Data for the task>
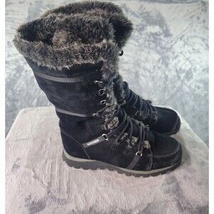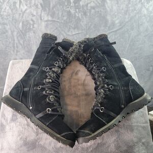 Sketchers Grand Jam Unlimited Black Suede Faux Fur Winter Boots Size 8
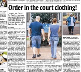 Judges are getting serious about policing fashion crimes says USA Today. A spate of new dress codes around the country have some wondering whether they’ve entered a courtroom or a Catholic school. In Delaware, skirts that fall four inches above the knee are prohibited. A traffic court in California has banned flip flops. And a Michigan man missed his hearing after he was sent home for wearing black jeans. Judges say the new rules are there to remind people that “courts are a place where serious business is conducted.”
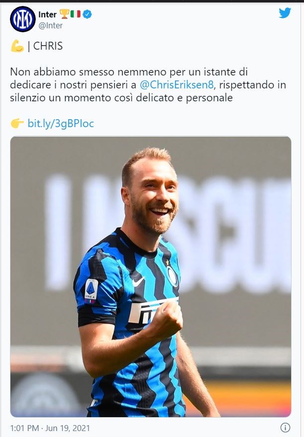 Mήνυμα αγάπης της Ίντερ στον 29χρονο Δανό διεθνή μέσο, Κρίστιαν Έρικσεν, που αναδείχθηκε πρωταθλητής Ιταλίας την τελευταία σεζόν, φορώντας τη φανέλα της. Η ιταλική ομάδα επανεξετάζει τις επτά ημέρες γεμάτες αβεβαιότητα, φόβο, που ευτυχώς απομακρύνονται καθώς υπάρχει θετική εξέλιξη στην υγεία του.
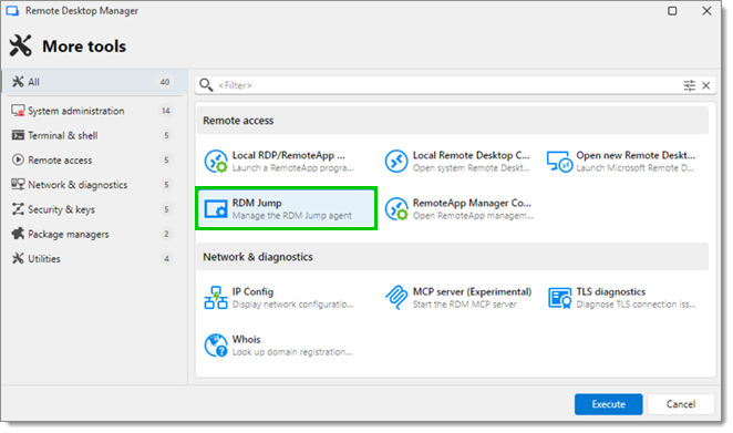 Installer Remote Desktop Manager et sélectionner Outils – Plus d'outils – RDM jump. Cela lancera et auto-enregistrera l'agent pour démarrer automatiquement avec Windows.
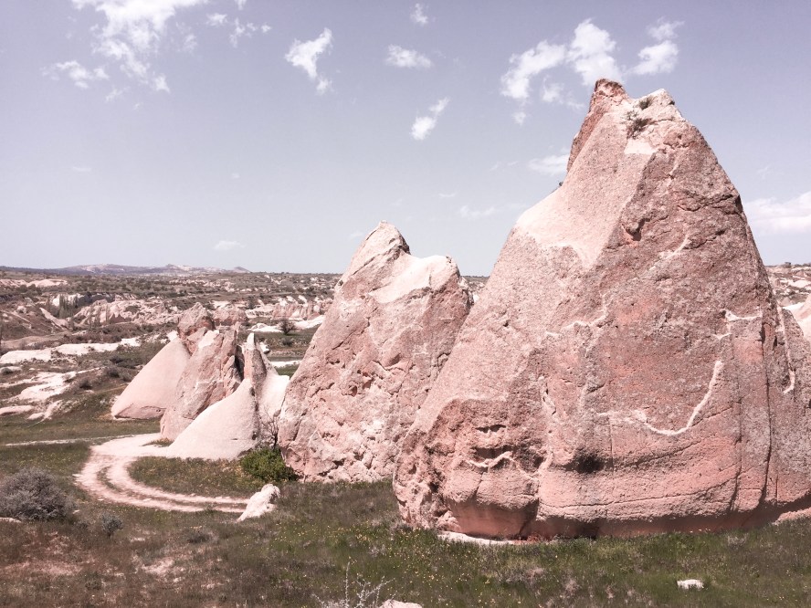 În fine; cert este că am ajuns, într-un final, acolo. Și cât mă bucur! Cappadocia este un loc magic care, am aflat ulterior, are atâtea de oferit în afară de bine-cunoscutele răsărituri acompaniate de mii de baloane cu aer cald. Am avut norocul (cum îl numesc acum; atunci îl credeam ghinion) să petrecem primele 4 zile ale vizitei noastre acolo sub semnul unor condiții meteo absolut superbe, dar nu îndeajuns de bune pentru zborurile cu balonul (nu cred că am menționat, am fost în luna mai). Cappadocia este cel mai bun loc din lume pentru activitatea asta, datorită reliefului (o depresiune care ferește zona de curenți de aer), dar și a latitudinii (cred că plouă foarte puține zile pe an), dar, cu toate astea, vremea în acea perioadă a fost foarte imprevizibilă, la fel ca și în restul lumii, mai nou.
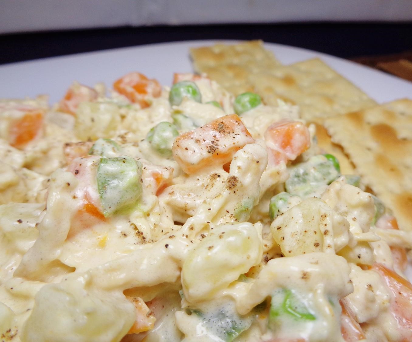 Ensalada mediana elaborada con papa, zanahoria, chícharos, mayonesa y pollo, se acompaña con chile jalapeño y galletas soda.

What this task involves>
Give again, word for word, the lines above from the first one through the one containing "Mήνυμα αγάπης της"; no pictures.

Written answer>
 Sketchers Grand Jam Unlimited Black Suede Faux Fur Winter Boots Size 8
 Judges are getting serious about policing fashion crimes says USA Today. A spate of new dress codes around the country have some wondering whether they’ve entered a courtroom or a Catholic school. In Delaware, skirts that fall four inches above the knee are prohibited. A traffic court in California has banned flip flops. And a Michigan man missed his hearing after he was sent home for wearing black jeans. Judges say the new rules are there to remind people that “courts are a place where serious business is conducted.”
 Mήνυμα αγάπης της Ίντερ στον 29χρονο Δανό διεθνή μέσο, Κρίστιαν Έρικσεν, που αναδείχθηκε πρωταθλητής Ιταλίας την τελευταία σεζόν, φορώντας τη φανέλα της. Η ιταλική ομάδα επανεξετάζει τις επτά ημέρες γεμάτες αβεβαιότητα, φόβο, που ευτυχώς απομακρύνονται καθώς υπάρχει θετική εξέλιξη στην υγεία του.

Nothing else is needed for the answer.